Proactive SAR Review Uncovers $15 Million Securities Conversion Scheme

Four federal law enforcement agencies coordinated an investigation of a long-running fraud conspiracy that netted its participants more than $15 million in illicit proceeds. The ringleader, a retired financial executive, and a friend concocted a scheme to use nominee buyers to purchase greater quantities of initial public offering (IPOs) shares than are permitted under federal and state banking regulations. Specifically, the issuers of these IPOs were mutual financial institutions converting from depositor to public ownership. The lead federal investigator in the case credited a SAR identified by a SAR Review Team and filed by one of these institutions with precipitating the investigation.

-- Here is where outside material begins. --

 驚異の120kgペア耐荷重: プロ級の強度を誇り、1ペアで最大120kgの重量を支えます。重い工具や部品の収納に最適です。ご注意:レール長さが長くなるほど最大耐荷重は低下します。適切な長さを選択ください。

The lead defendant admitted that he implemented a scheme to open accounts at mutual financial institutions across the country with the knowledge that some of these institutions would eventually make IPOs. Several dozen institutions did so during the more than 11 years that the conspiracy continued. Federal and state banking regulations require that when a mutual bank makes an IPO it must apportion shares offered first to depositors, restrict the maximum number of shares offered to each depositor, and prevent depositors from transferring their shares to other depositors. In many instances, mutual financial institutions also require that depositors be residents of the state in which the institution is located.

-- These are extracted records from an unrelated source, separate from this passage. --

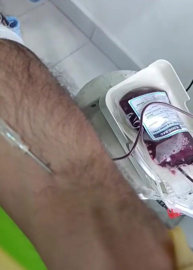 person donating blood. Their arm is extended, and a needle is inserted into a vein. A tube leads from the needle to a plastic bag filled with blood. The arm is secured with a white bandage. The person is seated on a green chair. The floor is white tile. The person is wearing brown pants and grey shoes. Another container containing blood is visible in the background.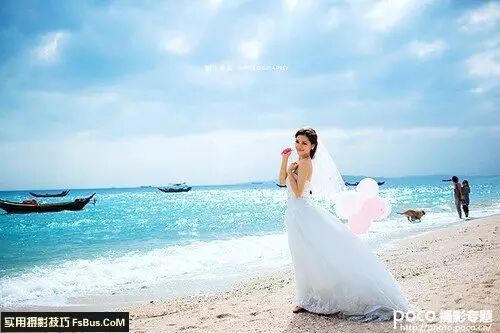 拍摄心得:说实话除了拍摄这组海滩新娘人像我会根据场景选择点测光外,平时也没有太多注意用那种测光方式,也没用曝光锁。因为最早的时候学的是胶片机,所以习惯判断参数,现在用数码就更方便了,我们能够很准确的控制曝光。拍摄这组片那天刚好是多云,偶尔露点阳光拍些小逆光很漂亮,整体有减曝光,测光的话不容易达到理想效果,虽然我的片子也很少用后期,但这组原片灰了些,所以后期稍加处理,调色阶、曲线亮起来对画面就有很好调节作用。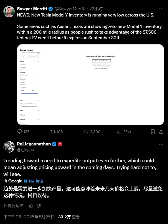 ¿El resultado? Un tsunami de pedidos de última hora. La gente se ha lanzado en masa a firmar contratos para no perder los 7.500 dólares, provocando que el inventario de Model Y en muchas zonas de Estados Unidos, como Austin (Texas), haya caído a cero.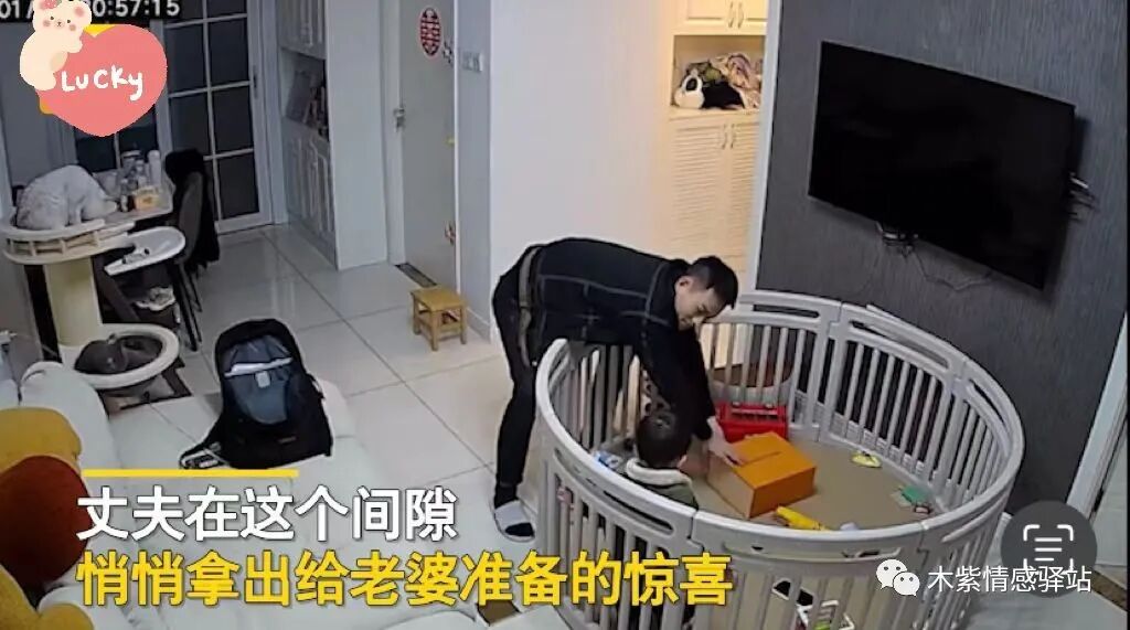 男子看到妻子进了卫生间,接着把宝宝重新放进围栏里面,快速从自己的背包里拿出来一个精致的礼盒,原来,他趁着这间隙,想要给老婆一个大大的惊喜。

The lead defendant circumvented IPO-related regulations by employing relatives, close friends, and apparently even bank employees, to open accounts at mutual banks. The co-conspirators got around the residency requirements by paying others to add them to a residential utility account, thus allowing them to establish state residency and fraudulently acquire valid state identification. In the event of an IPO, the aforementioned relatives and close friends acted as nominee buyers of the maximum allowed number of shares. The lead defendant provided the money to make the purchases. The buyer would then transfer this stock to one of the defendants’ investment accounts. The defendants would generally sell this stock in the secondary market shortly after the IPO effective date, thus generally reaping large profits on an oversubscribed offering provided to depositors at a below-market price in the IPO. The most lucrative IPO netted the lead defendant more than $1 million profit. Since each of the IPOs in which the lead defendant and his nominee buyers bought stock was oversubscribed, this activity limited the ability of legitimate depositors to secure the maximum number of shares potentially available to them in the IPO, thus depriving them of greater potential profits.

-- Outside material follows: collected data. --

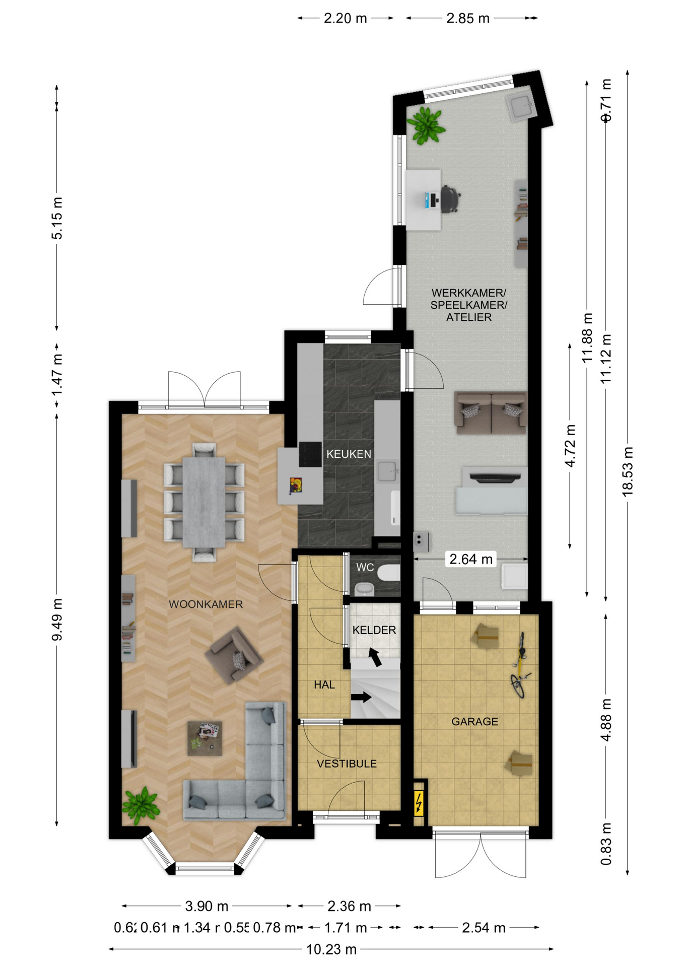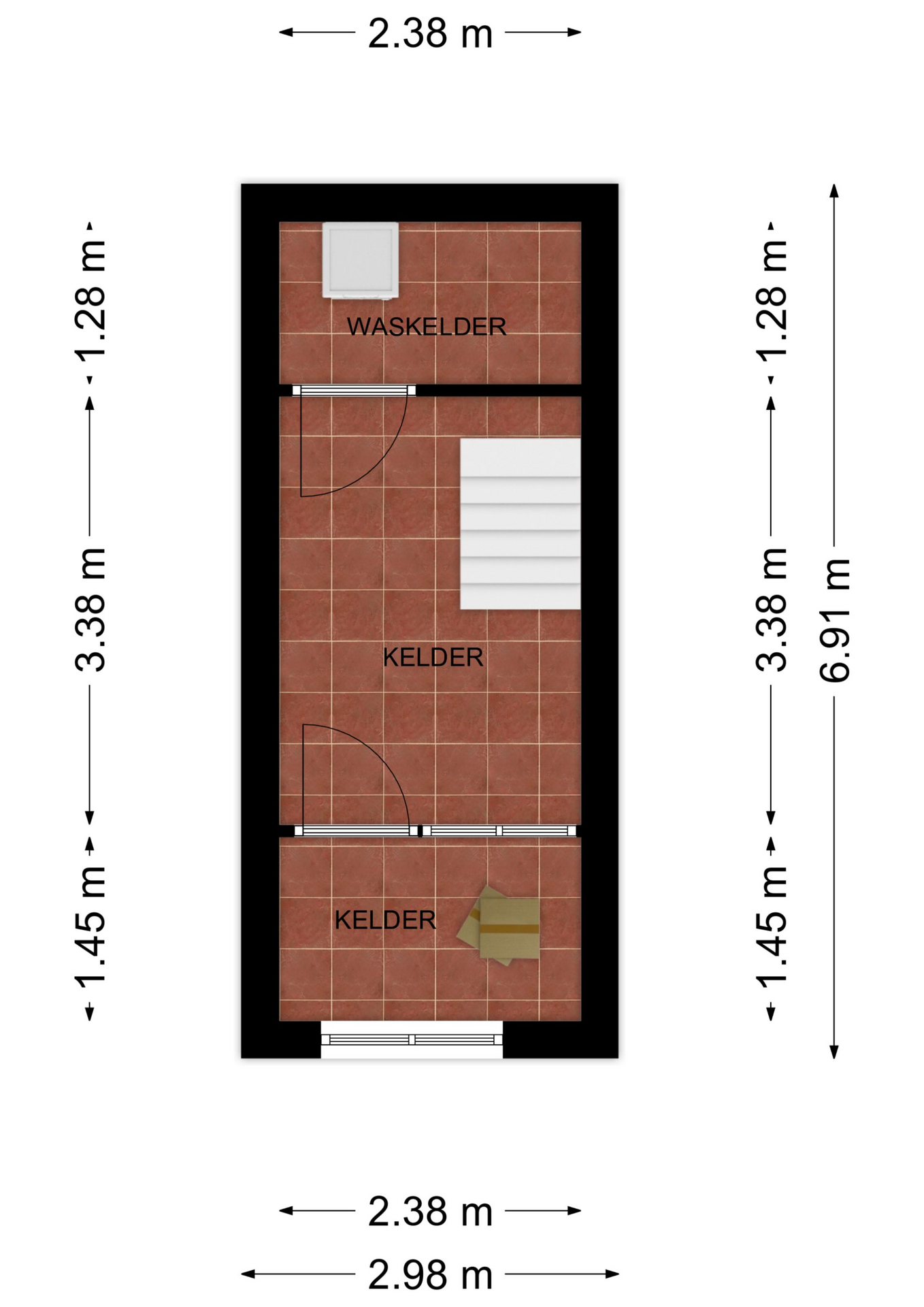 Provisiekelder (ca. 15 m2) verdeeld over drie ruimtes met o.a. opslagruimte en witgoedaansluitingen.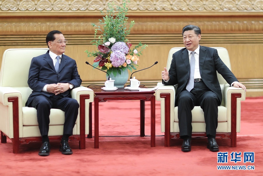 7月13日,中共中央總書記習近平在北京人民大會堂會見中國國民黨前主席連戰率領的臺灣各界人士參訪團。 新華社記者鞠鵬攝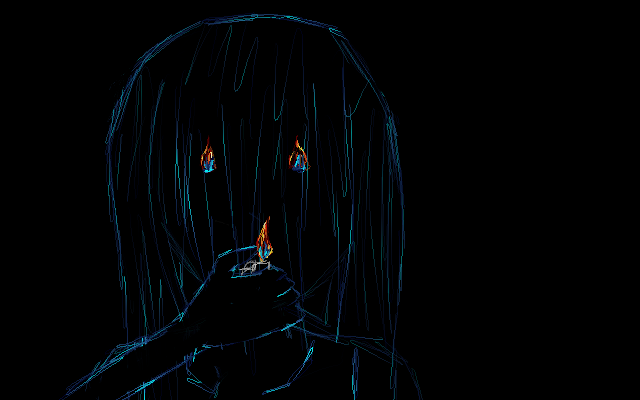 She points. "FIRE! It is burning! It dances with her! Inside!"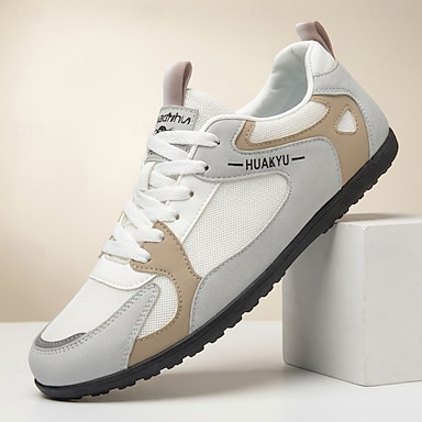Scarpe da ginnastica casual da uomo con lacci, in similpelle bianca e beige, ideali per camminare, viaggiare e per tutti i giorni.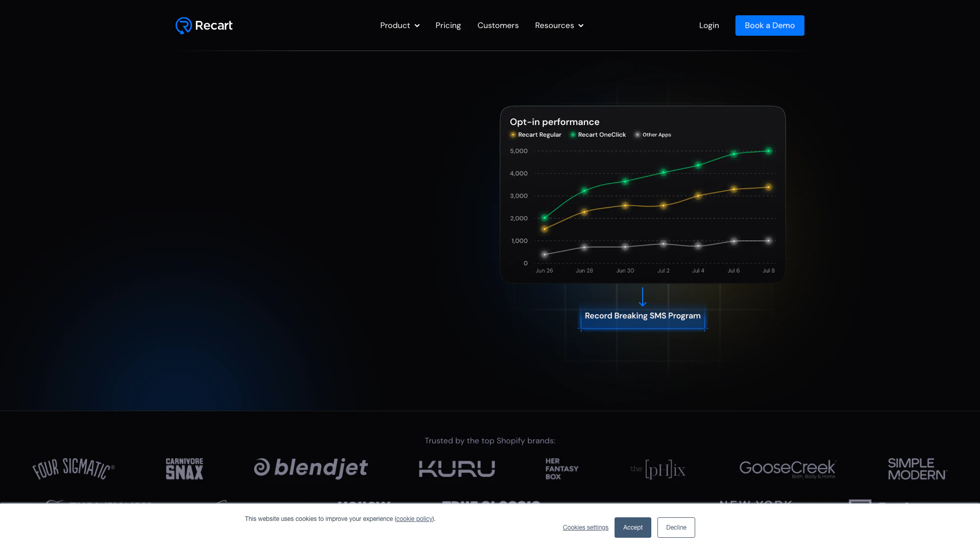 Recart is the first SMS platform that allows shoppers to join your list with a single click, providing industry-leading opt-in rates and record-setting campaigns.

A SAR review team identified the depository institution filing that sparked the investigation. Bank employees became suspicious when they noted wire transfers into one of the defendant’s accounts and offsetting wire transfers and checks written out of his accounts aggregating to millions of dollars which the defendant could not adequately explain. The defendant also wrote millions of dollars worth of checks to open accounts at or to purchase IPO stock in mutual financial institutions. The bank filed the SAR because it believed that the defendants might be involved in a conspiracy to exceed the limits on the number of shares a depositor of a mutual financial institution can purchase in an IPO.

One defendant received a prison sentence of several years after pleading guilty to a single count of conspiracy to commit securities fraud. As part of his plea agreement, the defendant was also required to return more than $10 million of the funds illicitly derived from the scheme. Other defendants in the case received shorter sentences and were required to repay significant amounts of illicitly derived proceeds.